▶ _DIRECTIONS FOR THIS TASK_
From the records below, transcribe only the lines running from the one with "为进一步扩大中俄两地区合作,2016年7" through the one with "Brots is a mobile". Keep both of those end lines.

▶ _LISTED ENTRIES_
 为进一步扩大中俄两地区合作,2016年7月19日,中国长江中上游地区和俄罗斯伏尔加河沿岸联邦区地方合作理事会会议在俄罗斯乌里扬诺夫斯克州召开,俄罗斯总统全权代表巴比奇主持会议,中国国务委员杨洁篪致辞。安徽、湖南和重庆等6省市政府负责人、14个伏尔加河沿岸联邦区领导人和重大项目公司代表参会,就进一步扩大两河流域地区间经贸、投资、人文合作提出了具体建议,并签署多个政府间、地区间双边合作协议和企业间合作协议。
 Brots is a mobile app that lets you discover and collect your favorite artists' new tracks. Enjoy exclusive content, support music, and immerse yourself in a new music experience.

--

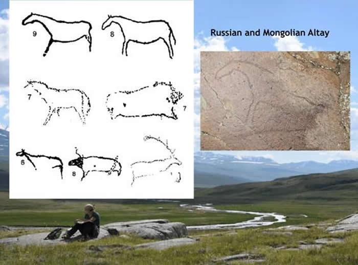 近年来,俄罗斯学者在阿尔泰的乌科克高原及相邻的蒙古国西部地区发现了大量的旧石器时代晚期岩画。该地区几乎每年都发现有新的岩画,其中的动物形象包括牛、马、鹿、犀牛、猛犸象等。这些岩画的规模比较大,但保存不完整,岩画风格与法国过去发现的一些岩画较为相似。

▶ _ANSWER SECTION_
 为进一步扩大中俄两地区合作,2016年7月19日,中国长江中上游地区和俄罗斯伏尔加河沿岸联邦区地方合作理事会会议在俄罗斯乌里扬诺夫斯克州召开,俄罗斯总统全权代表巴比奇主持会议,中国国务委员杨洁篪致辞。安徽、湖南和重庆等6省市政府负责人、14个伏尔加河沿岸联邦区领导人和重大项目公司代表参会,就进一步扩大两河流域地区间经贸、投资、人文合作提出了具体建议,并签署多个政府间、地区间双边合作协议和企业间合作协议。
 Brots is a mobile app that lets you discover and collect your favorite artists' new tracks. Enjoy exclusive content, support music, and immerse yourself in a new music experience.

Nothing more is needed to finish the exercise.